Thread: [RFC] Localized literals

[RFC] Localized literals

From

Zoltan Boszormenyi

Date:

23 April 2008, 05:05:15

Hi,

we have a customer who shot themselves in the foot by using
table names with german accented characters in them.
The client application on the popular OS is using a single-byte
encoding (LATIN9), their dump of the original database is using
the same but no "SET client_encoding = ..." line anywhere.
We didn't know the previous conditions and have setup the
default installed database cluster that was created during installation
on Debian 4.0. Obviously we have to re-initialize the cluster
with the original locale so the table names come out right after
reloading the dump.

But the question popped up whether PostgreSQL can be extended
to allow localized literals and apply encoding conversion the same
way as on string data. NAMEDATA can be replaced with regular TEXT
and have the same conversion everywhere. This way the relation and
field name limits are also eliminated. The conversion could be controlled
by a compile-time option and/or a GUC variable. Tell me if I am crazy.

Best regards,
Zoltán Böszörményi

--
----------------------------------
Zoltán Böszörményi
Cybertec Schönig & Schönig GmbH
http://www.postgresql.at/

Re: [RFC] Localized literals

From

Martijn van Oosterhout

Date:

23 April 2008, 05:46:57

On Wed, Apr 23, 2008 at 10:02:37AM +0200, Zoltan Boszormenyi wrote:
> But the question popped up whether PostgreSQL can be extended
> to allow localized literals and apply encoding conversion the same
> way as on string data. NAMEDATA can be replaced with regular TEXT
> and have the same conversion everywhere. This way the relation and
> field name limits are also eliminated. The conversion could be controlled
> by a compile-time option and/or a GUC variable. Tell me if I am crazy.
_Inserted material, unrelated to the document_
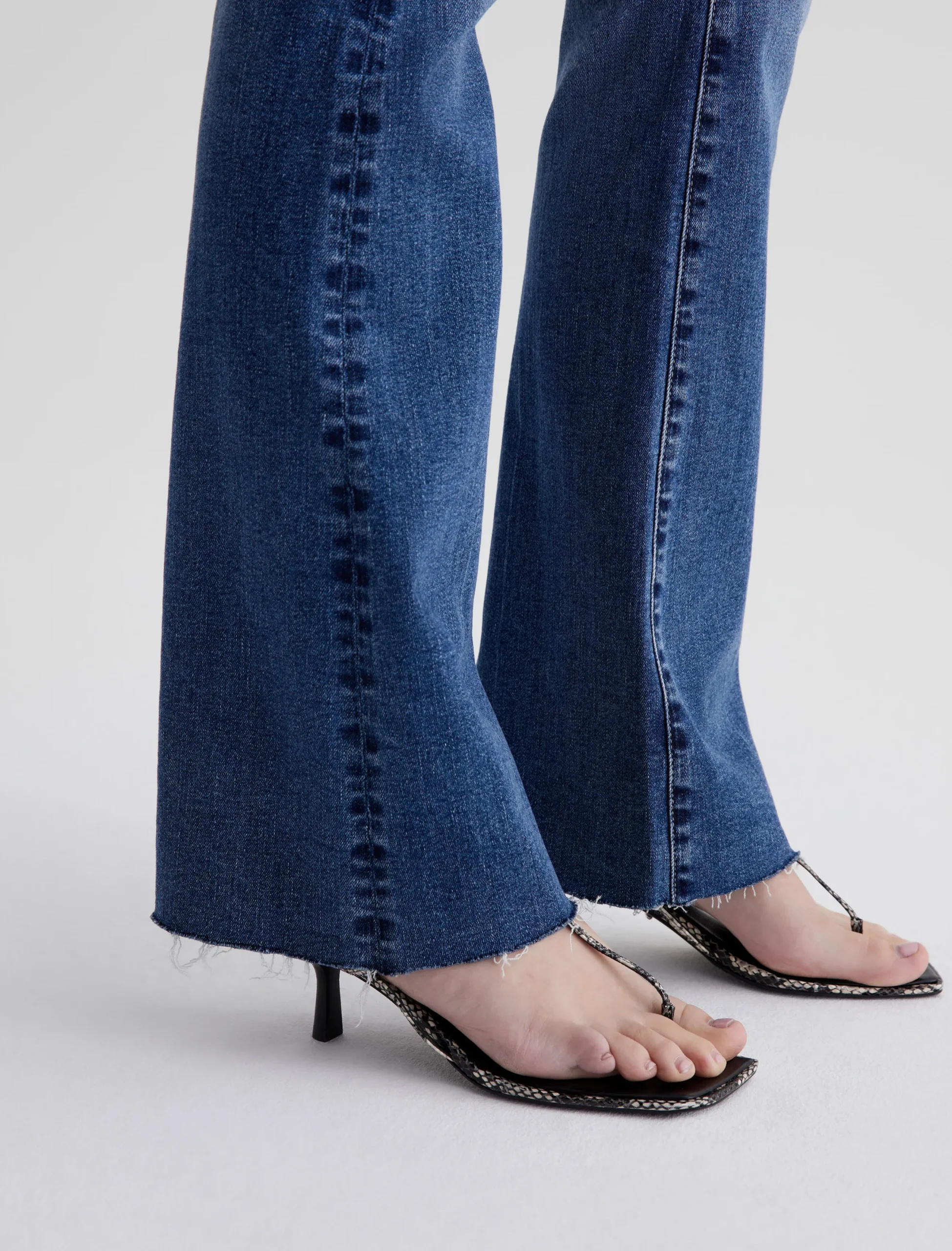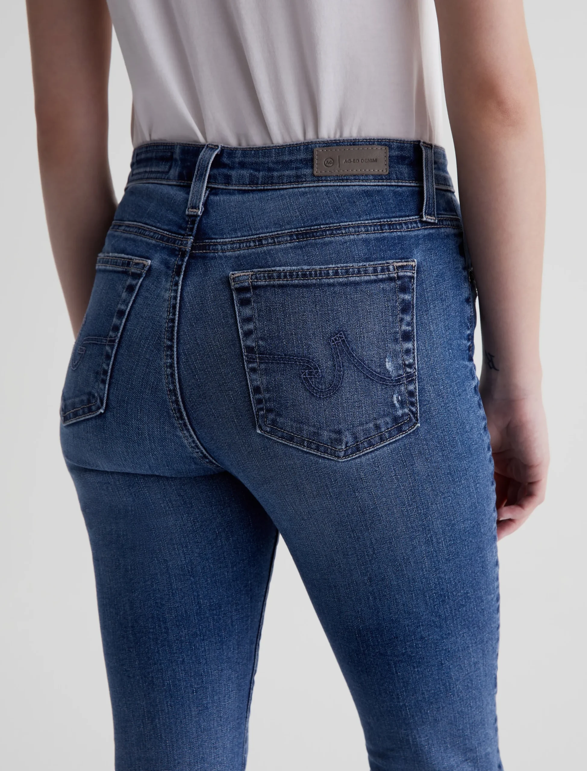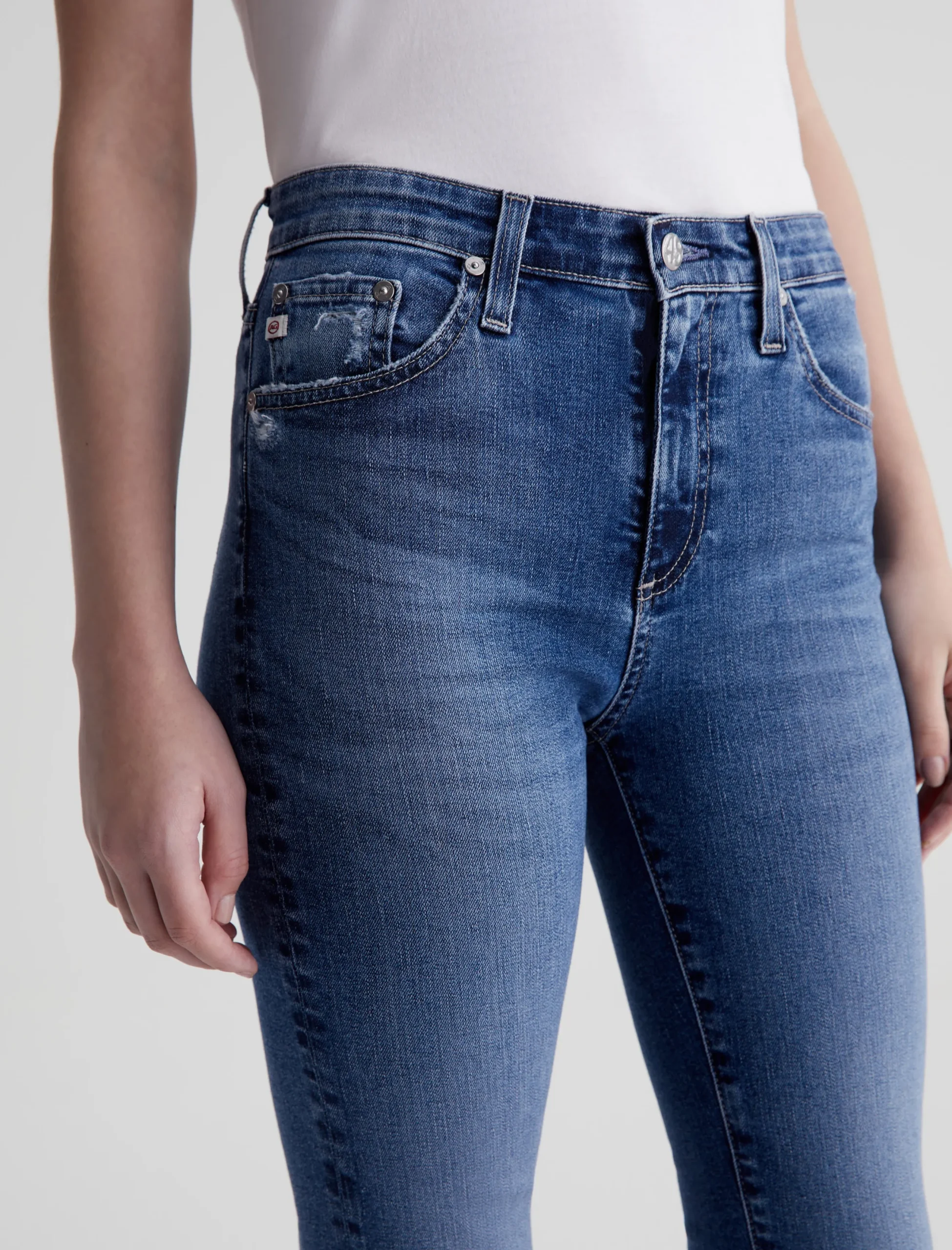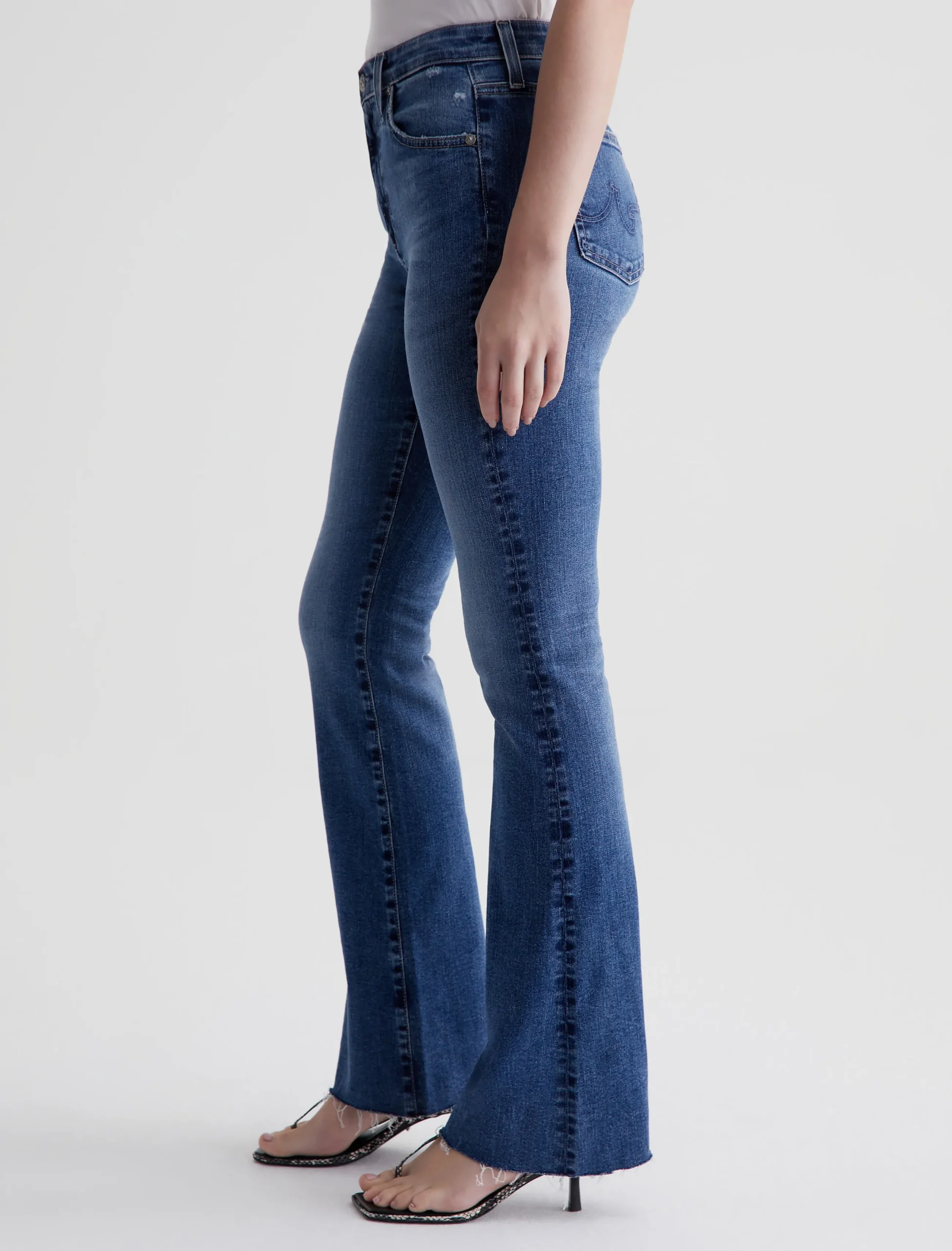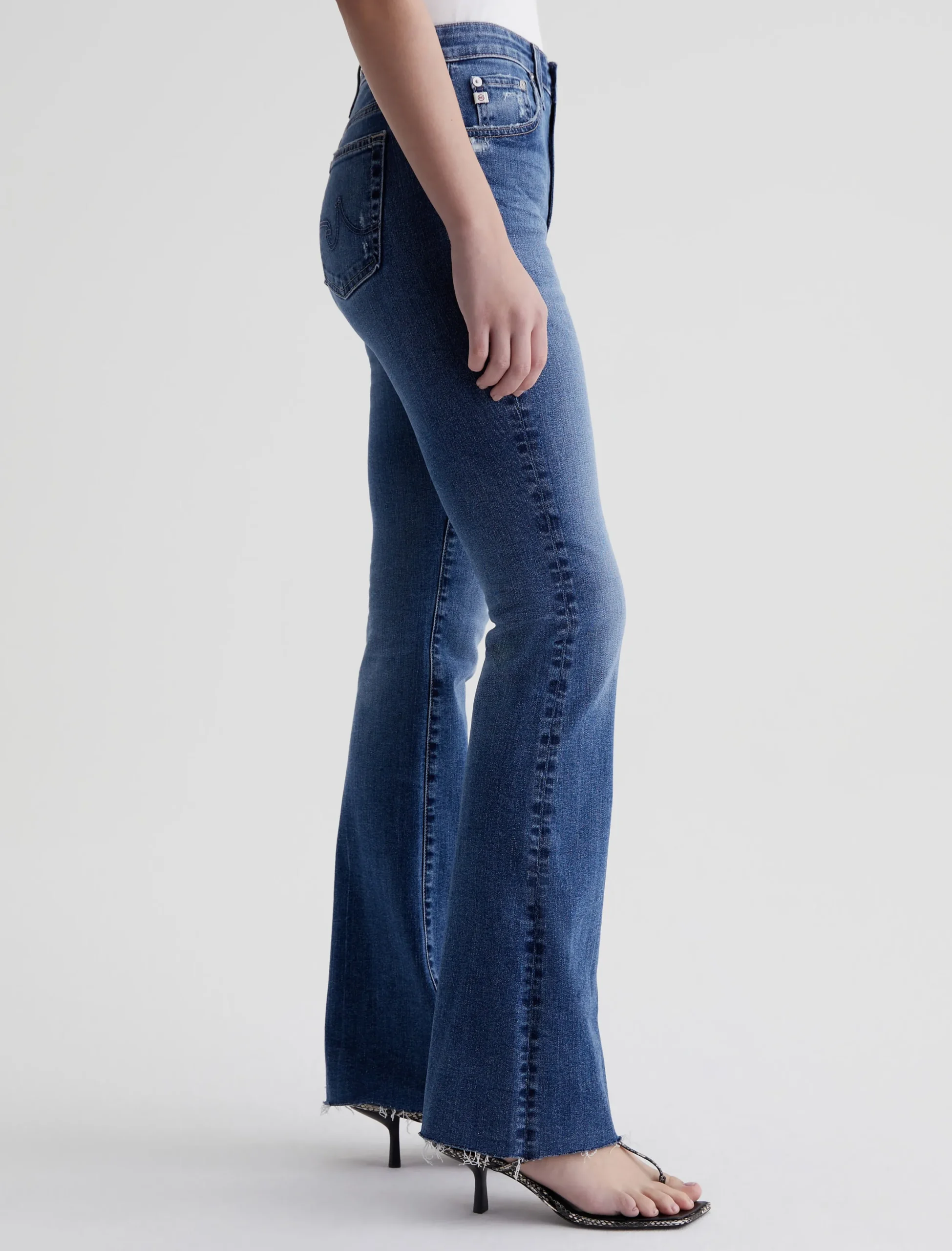 The Farrah Boot is our mid-rise bootcut jean in a medium indigo wash with an AG-ed™ Denim finish. It’s faded, whiskered, and distressed at the pockets. Crafted from 10 oz. Rouge Advanced Stretch Denim, the pair sits right at the natural waist and has a skinny fit through the legs before opening into a subtly flared shape. Raw hems finish the look.

It does convert the table names also, since the encoding translation is
applied to the whole query string, not just normal strings. A simple
SET CLIENT_ENCODING='latin9' at the beginning of your dump should have
worked.

As for the other point, the reason NAMEDATA is fixed is because these
records is mapped onto in memory structures in the backend. By changing
it to a variable length type all structure accesses would become much
more expensive.

But none of this has anything ot do with encodings.

Have a nice day,
--
Martijn van Oosterhout   <kleptog@svana.org>   http://svana.org/kleptog/
> Please line up in a tree and maintain the heap invariant while
> boarding. Thank you for flying nlogn airlines.
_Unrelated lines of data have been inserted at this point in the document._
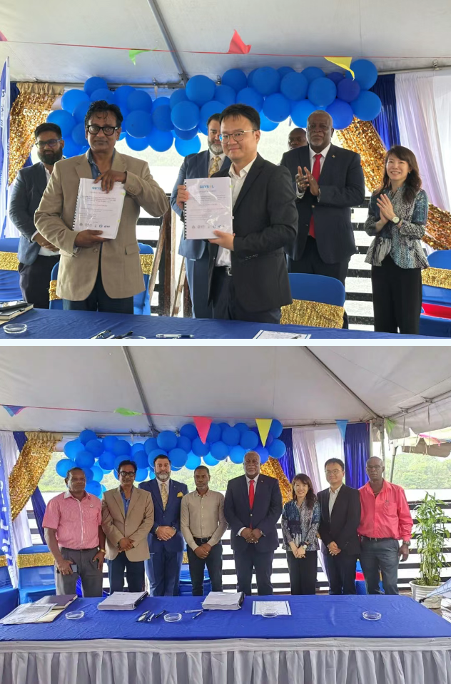 当地时间5月21日,成套公司与圭亚那电力与照明公司GPL正式签订圭亚那光储项目二期合同。圭亚那政府总理Mark Phillips、中国驻圭亚那使馆杨扬大使团队、泛美开发银行(IDB)圭亚那国家代表Iván-Alonzo Gaviria及当地媒体参与并见证了签约仪式。
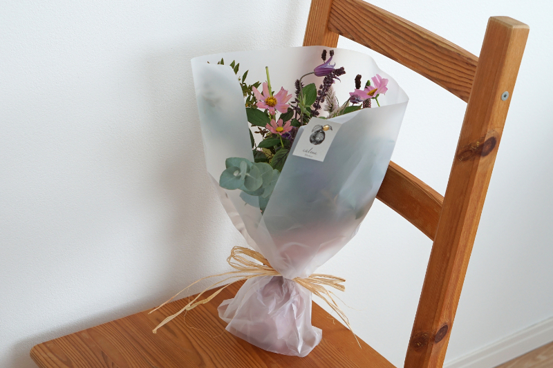 四季折々の旬のお花や枝物・グリーンをブーケにして “毎月1回・定額” で届けてくれます。
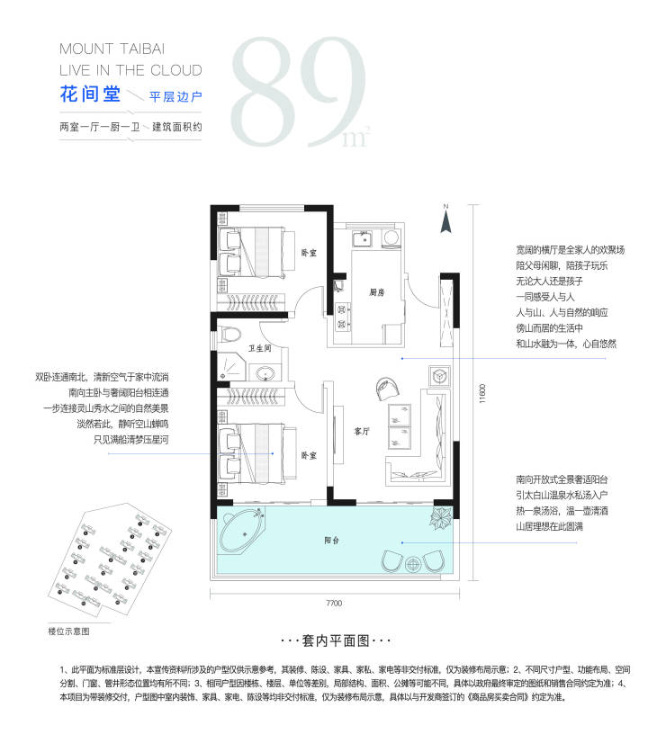 【花间堂】平层边户 · 两室一厅一厨一卫 · 建筑面积约89㎡
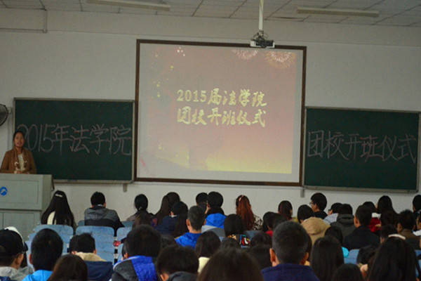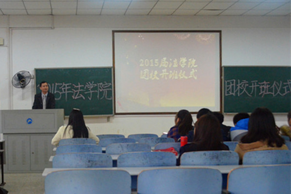 | 11月17日下午两点,金牌影院在八教4—3教室举行2015年团校开班仪式。出席嘉宾有金牌影院党委副书记叶军、院分团委书记朱荣,第十三届团委学生会各部门成员、三大社团代表及各班班团参加仪式。 仪式上,团委第一副书记张航侨和学生会主席姚牧雨分别介绍了各自的任职经历、分管部门和工作感悟,希望大家以“自我管理、自我教育、自我服务”的要求对待工作。各个部门则通过宣扬特色口号,表达出他们的投身学生工作的斗志与决心。“宣法院之妙闻,传法院之精神。我是新闻人,我为宣传部代言”斗志昂扬,展示出宣传部的责任与自豪;“建一院学风,守一方明月。法院学习部,有你hold住”趣味而不失端庄,彰显了学习部不懈的服务精神。最后,叶书记现身说法,列举了往届学生干部中切实处理好工作与学习两方面的优秀代表,并结合身边的案例提出全面发展的大学生才能适应社会就业需求这一严峻事实。他要求同学们一方面专注学习,惜时如金,另一方面积极培养团队意识,提升工作能力,实现学习与工作的双赢。 在大家热烈的掌声中,本届法金牌影院

Re: [RFC] Localized literals

From

Zoltan Boszormenyi

Date:

23 April 2008, 06:43:03

Martijn van Oosterhout írta:
> On Wed, Apr 23, 2008 at 10:02:37AM +0200, Zoltan Boszormenyi wrote:
>
>> But the question popped up whether PostgreSQL can be extended
>> to allow localized literals and apply encoding conversion the same
>> way as on string data. NAMEDATA can be replaced with regular TEXT
>> and have the same conversion everywhere. This way the relation and
>> field name limits are also eliminated. The conversion could be controlled
>> by a compile-time option and/or a GUC variable. Tell me if I am crazy.
>>
>
> It does convert the table names also, since the encoding translation is
> applied to the whole query string, not just normal strings.

Thanks for enlightenment, I didn't know or check it.

>  A simple
> SET CLIENT_ENCODING='latin9' at the beginning of your dump should have
> worked.
>

I thought so - the dump was off a 7.4 server with its pg_dump
and there was no "SET client_encoding = ..." in the script.
They insisted on continuing with LATIN9 but with the default
UTF-8 server encoding createdb -E LATIN9 failed.

> As for the other point, the reason NAMEDATA is fixed is because these
> records is mapped onto in memory structures in the backend. By changing
> it to a variable length type all structure accesses would become much
> more expensive.
>

Yes, I guessed it would be slower. However, NAMEDATALEN
doesn't translate to the varchar(NAMEDATALEN) if I use accented
characters in literals with UTF-8 encoding. :-(

> But none of this has anything ot do with encodings.
>
> Have a nice day,
>

Thanks, I have it. :-)

Best regards,
Zoltán Böszörményi

--
----------------------------------
Zoltán Böszörményi
Cybertec Schönig & Schönig GmbH
http://www.postgresql.at/